Sin un abanderado de proyecto, se genera la falta de visibilidad que el proyecto necesitará. Esto, básicamente, limita el área de implementación (y el éxito) del proyecto. Lo que es más importante, el sistema, en su implementación limitada, se habrá configurado de acuerdo con los requisitos de uno o pocos usuarios o departamentos involucrados. Es posible que esto no satisfaga, o incluso contradiga, las necesidades de otros departamentos, lo que limitaría el proceso de adopción.

Sin un comité directivo, un proyecto puede ser muy intrincado, a costa de otros proyectos más visibles. Es posible que los problemas no se aborden ni se solucionen de manera oportuna y que creen otros desafíos.

La promoción interna constituye un factor de éxito clave en la implementación de un sistema de administración de información, como el de BoréalisIMSTM debido a su amplia área de implementación. Al inicio, el abanderado del proyecto se encarga de la promoción, pero el comité directivo la fomenta durante la fase de ejecución del proyecto.

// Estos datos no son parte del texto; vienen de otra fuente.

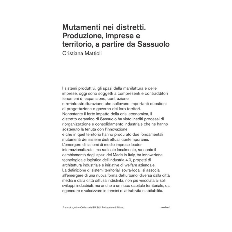 I sistemi produttivi, gli spazi della manifattura e delle imprese, oggi sono soggetti a compresenti e contradditori fenomeni di espansione, contrazione e re-infrastrutturazione che sollevano importanti questioni di progettazione e governo dei loro territori. Nonostante il forte impatto della crisi economica, il distretto ceramico di Sassuolo ha visto inediti processi di riorganizzazione e consolidamento industriale che ne hanno sostenuto la tenuta con l'innovazione e che in quel territorio hanno procurato due fondamentali mutamenti dei sistemi distrettuali contemporanei. L'emergere di sistemi di medie imprese leader internazionalizzate, ma radicate localmente, racconta il cambiamento degli spazi del Made in Italy, tra innovazione tecnologica e logistica dell'Industria 4.0, progetti di architettura industriale e iniziative di welfare aziendale. La definizione di sistemi territoriali sovra-locali si associa all'emergere di una nuova forma dell'urbano, diversa dalla città media e dalla città diffusa indistinta, non più vincolata ai soli sviluppi industriali, ma anche a un ricco capitale territoriale, da rigenerare e valorizzare in termini di attrattività e abitabilità.

En los casos en que esto no corresponda, el equipo del proyecto debe hacer un esfuerzo considerable para incorporar otros departamentos o unidades comerciales. Este puede ser un proceso largo y lento, a menos que exista un desafío conocido que el IMS pueda manejar. Solo a través de varios encuentros con diversos recursos se identificarán estos desafíos y se obtendrán soluciones rápidas.